Everything that happens in the tea industry, of course, depends on its workers. The Plantation Labor Act of 1951 guarantees not just a minimum wage for workers in tea, coffee and rubber but also housing, education, medical care and drinking water. Those benefits add about 11% to production costs and are the main reason Indian tea costs about $1.62 a kg to produce, compared with $1.23 in Sri Lanka, $1.16 in Kenya and 84-c- in Malawi. Strong unions in India's tea-growing regions have fought to preserve those benefits.
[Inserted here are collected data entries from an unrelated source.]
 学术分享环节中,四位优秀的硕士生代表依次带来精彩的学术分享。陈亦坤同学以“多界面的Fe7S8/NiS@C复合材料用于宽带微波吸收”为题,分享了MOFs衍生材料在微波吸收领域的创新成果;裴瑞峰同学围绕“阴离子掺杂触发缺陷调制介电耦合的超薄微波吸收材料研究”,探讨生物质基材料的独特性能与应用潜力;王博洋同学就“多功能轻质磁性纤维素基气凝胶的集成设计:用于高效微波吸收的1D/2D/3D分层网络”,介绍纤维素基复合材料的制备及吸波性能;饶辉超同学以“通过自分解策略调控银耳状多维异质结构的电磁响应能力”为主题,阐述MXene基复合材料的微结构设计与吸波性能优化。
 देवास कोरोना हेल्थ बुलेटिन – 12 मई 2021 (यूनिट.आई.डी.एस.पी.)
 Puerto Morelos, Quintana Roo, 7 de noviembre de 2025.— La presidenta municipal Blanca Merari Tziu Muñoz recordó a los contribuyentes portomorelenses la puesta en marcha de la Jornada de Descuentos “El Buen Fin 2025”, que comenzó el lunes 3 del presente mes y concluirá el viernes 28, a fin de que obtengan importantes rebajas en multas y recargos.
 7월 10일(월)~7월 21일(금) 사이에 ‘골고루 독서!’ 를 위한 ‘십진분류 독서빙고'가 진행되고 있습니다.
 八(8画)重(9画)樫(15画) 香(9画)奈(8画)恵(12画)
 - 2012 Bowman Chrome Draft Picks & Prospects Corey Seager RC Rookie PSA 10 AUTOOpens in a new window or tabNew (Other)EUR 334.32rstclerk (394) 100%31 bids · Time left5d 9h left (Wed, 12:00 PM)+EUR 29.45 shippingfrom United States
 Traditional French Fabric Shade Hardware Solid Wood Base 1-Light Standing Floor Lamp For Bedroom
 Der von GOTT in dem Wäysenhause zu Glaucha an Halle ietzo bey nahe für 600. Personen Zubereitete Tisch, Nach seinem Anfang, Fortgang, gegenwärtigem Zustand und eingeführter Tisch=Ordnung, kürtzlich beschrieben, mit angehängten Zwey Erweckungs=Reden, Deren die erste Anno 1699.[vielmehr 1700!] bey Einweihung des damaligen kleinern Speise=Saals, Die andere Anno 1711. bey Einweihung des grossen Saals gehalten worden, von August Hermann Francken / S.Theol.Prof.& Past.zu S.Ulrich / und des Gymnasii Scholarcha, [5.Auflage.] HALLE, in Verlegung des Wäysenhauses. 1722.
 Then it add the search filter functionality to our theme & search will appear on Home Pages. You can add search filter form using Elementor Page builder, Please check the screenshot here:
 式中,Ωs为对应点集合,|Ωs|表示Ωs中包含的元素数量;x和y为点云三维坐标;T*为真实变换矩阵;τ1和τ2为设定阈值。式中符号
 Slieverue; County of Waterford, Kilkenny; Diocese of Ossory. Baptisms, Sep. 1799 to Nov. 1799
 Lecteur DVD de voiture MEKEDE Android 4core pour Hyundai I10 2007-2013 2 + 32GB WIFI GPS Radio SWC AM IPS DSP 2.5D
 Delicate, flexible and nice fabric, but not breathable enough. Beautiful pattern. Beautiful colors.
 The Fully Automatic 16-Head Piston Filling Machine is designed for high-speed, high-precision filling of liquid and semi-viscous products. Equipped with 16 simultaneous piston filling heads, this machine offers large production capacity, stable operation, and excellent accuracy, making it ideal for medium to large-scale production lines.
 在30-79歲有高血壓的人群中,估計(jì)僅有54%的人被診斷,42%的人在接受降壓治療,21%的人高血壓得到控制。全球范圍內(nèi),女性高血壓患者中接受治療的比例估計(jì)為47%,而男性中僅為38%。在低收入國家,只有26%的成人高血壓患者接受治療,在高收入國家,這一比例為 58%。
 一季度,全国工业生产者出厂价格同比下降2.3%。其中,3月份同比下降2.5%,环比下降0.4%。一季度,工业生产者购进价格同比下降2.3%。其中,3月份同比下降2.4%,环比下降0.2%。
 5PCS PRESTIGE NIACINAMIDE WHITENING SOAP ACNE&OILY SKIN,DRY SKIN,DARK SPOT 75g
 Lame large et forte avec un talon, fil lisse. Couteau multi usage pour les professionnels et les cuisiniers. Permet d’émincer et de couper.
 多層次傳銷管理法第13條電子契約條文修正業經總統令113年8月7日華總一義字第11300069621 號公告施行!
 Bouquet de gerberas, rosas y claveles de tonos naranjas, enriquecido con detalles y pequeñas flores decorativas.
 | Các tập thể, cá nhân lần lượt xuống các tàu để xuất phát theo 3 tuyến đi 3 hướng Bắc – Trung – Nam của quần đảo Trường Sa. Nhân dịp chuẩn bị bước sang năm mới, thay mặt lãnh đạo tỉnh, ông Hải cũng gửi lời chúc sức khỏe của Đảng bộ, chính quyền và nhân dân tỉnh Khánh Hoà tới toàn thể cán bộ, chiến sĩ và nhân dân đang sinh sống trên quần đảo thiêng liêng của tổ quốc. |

Tea-estate workers are paid on average $1.38 a day in northern India and $2.25 in the south, and because the estates are so remote, workers must rely on tea companies for basic services. "The only long-term, sustainable solution is for estates to give workers a stake in the earnings," says Samir Roy, head of the Defense Committee for Plantation Workers Rights.

That's exactly what some tea producers are trying to do. Tata Tea's Kanan Devan estate in Kerala, in southern India, gives each worker shares in the company. Although Tata is otherwise exiting the plantation business, this new ownership model has the unofficial support of many tea producers and trade-union leaders. Ambootia workers raise organic oranges and ginger, which the company markets abroad. At Makaibari Tea Estate in Darjeeling, owner Rajah Banerjee gives workers cows and buys back manure for use on the estate. "My mantra is, Partnership with workers, not ownership," says Banerjee. "You can't run a tea garden merely as a business."

In India, tea has always been more than a business. Tea drinking is as much a part of the national culture as playing cricket or watching Bollywood movies. And like those other Indian institutions, it is changing rapidly. Nearly half the population is under 25, and young people have been drinking more coffee and cola, leaving the tea in their parents' drawing rooms. Teamakers are trying to woo them back with home brew--whether instant, iced or canned, black, green or white.